Gary rescued Big, who I believe had been shot and beat up pretty bad and left in a ditch. Gary tried to give Big away to some college kid friend of his daughter. That didn’t work out at all. I think Big got real sad or Gary got to feeling like Big needed a better hand than some college boy.

Gary took Big back but most people that know Gary and have met the Big would argue that was gonna happen anyhow and it was just a matter of politeness shown to Mrs. Cantrell that Big got “sent away” under the pretense of not coming back. Now, Gary looks after Big and Big looks after Gary.

Gary is the race director for Strolling Jim, the Bloody 11w 100 Miler, the Bitter End 100 Miler, The Last Annual Vol State 500k, the Barkley Fall Classic and most famously, the Barkley Marathons or the “Race That Eats Its Young”.

It was because of Big surviving his mortal wounds and Gary’s reluctant compassion that I went to my first Backyard 3 years ago. Anyone who would save Big, this scary near dead shambling old pit dog was someone I would pull into the boat, if you know what I mean.

I knew about Big’s story before I really knew about the race or Gary’s other races. I was to Gary, the dog guy as I pestered him with questions about Big before I even started pestering him with questions about the race which is not like any other race I’d ever done.

And you really have to understand how the race works to understand the rest of this story. The clock starts and everyone runs a 4.1 mile loop which consists of a ¼ mile out and back on the road and then two conjoined trail loops in the hills behind Gary Cantrell’s house plus a little bit of land what belongs to Ben Yancey.

You have an hour to finish the loop. You can come in fast and rest or come in slow, closer to the end of the hour and start the loop shortly thereafter. There are three whistle blows at three minutes to go, two whistle blows at two minutes and one whistle blow at one minute.

The Race Director clangs a cowbell at the start of the next hour. If you haven’t finished the loop by the clang of the cowbell, you’re finished. You can cross the line right as the bell clangs and still be in the race. This goes on until only one runner can finish the loop after the bell clangs.

If no one finishes the loop in the allotted hour then no one wins the race. Those are Gary’s Rules. It’s his race. This race knows no mercy. The first year I ran the race, the Gary bet on the lap I planned on dropping and told me he was disappointed when I tried to quit which I ran and lost on. The bet was for one dollar.

This year, his very own son came sprinting out of the hills, staggering and tripping and generally hauling tail, finally collapsing 27 feet from the finish line as the bell clanged. We know its 27 feet because Gary paced it right in front of his son, as his son – his own flesh in blood still lay moaning broken up a bit in the squirming in the dirt.

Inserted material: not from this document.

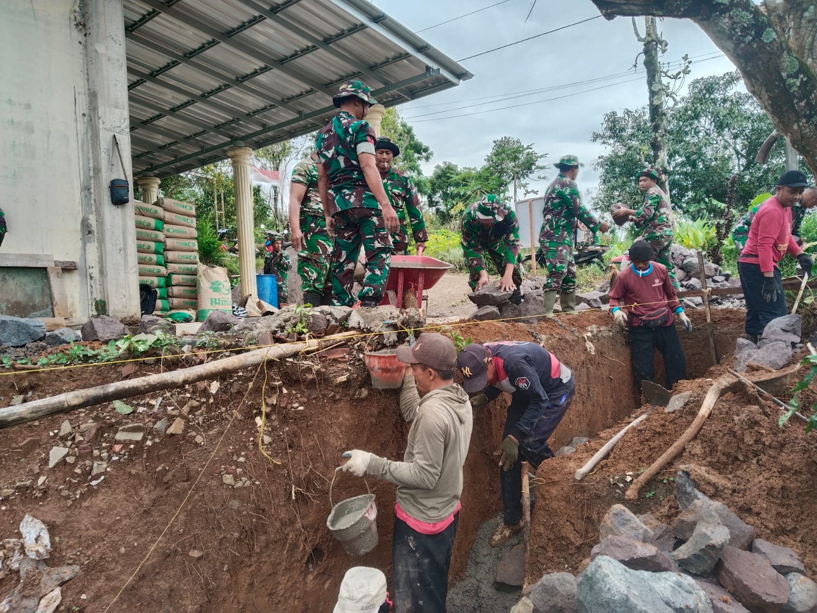 Wonogiri – Salah satu wujud nyata kemanunggalan TNI dengan rakyat dalam mendukung percepatan pembangunan di wilayah pedesaan. Melalui program ini, TNI bersama masyarakat terus bergotong royong membangun sarana dan prasarana yang bermanfaat bagi peningkatan kesejahteraan warga.

I was the first runner ever, and I believe only, injured on the course walk through, my 2nd trip up to Tennessee to do the race, being too rock and roll to change out of my Converse lo-tops before the walk- through and whoopsied right out the race.

I missed running the second year and spent the rest of that day drunk. There is a photo of me wearing a donkey mask standing by the bonfire swigging a giant bottle of liquor. I would like to say this photo was staged. That would be a lie. This year I had a grudge.

I ran each of my good loops, and there were 8 of them, in 52 minutes a loop. I spent the day pacing off of other runners. I paced of Tim Dines who was too tall and I can run with Tim but I can’t power walk the hills with Tim. His stride is too long and I lack speed in this regard and stride length.

I tried running with Marcy Beard. She’s my size almost exactly and she’s a hundred miler for sure so I figured whatever pace she ran I would get in on time and make the bell. The problem was she runs differently than most people, all people really.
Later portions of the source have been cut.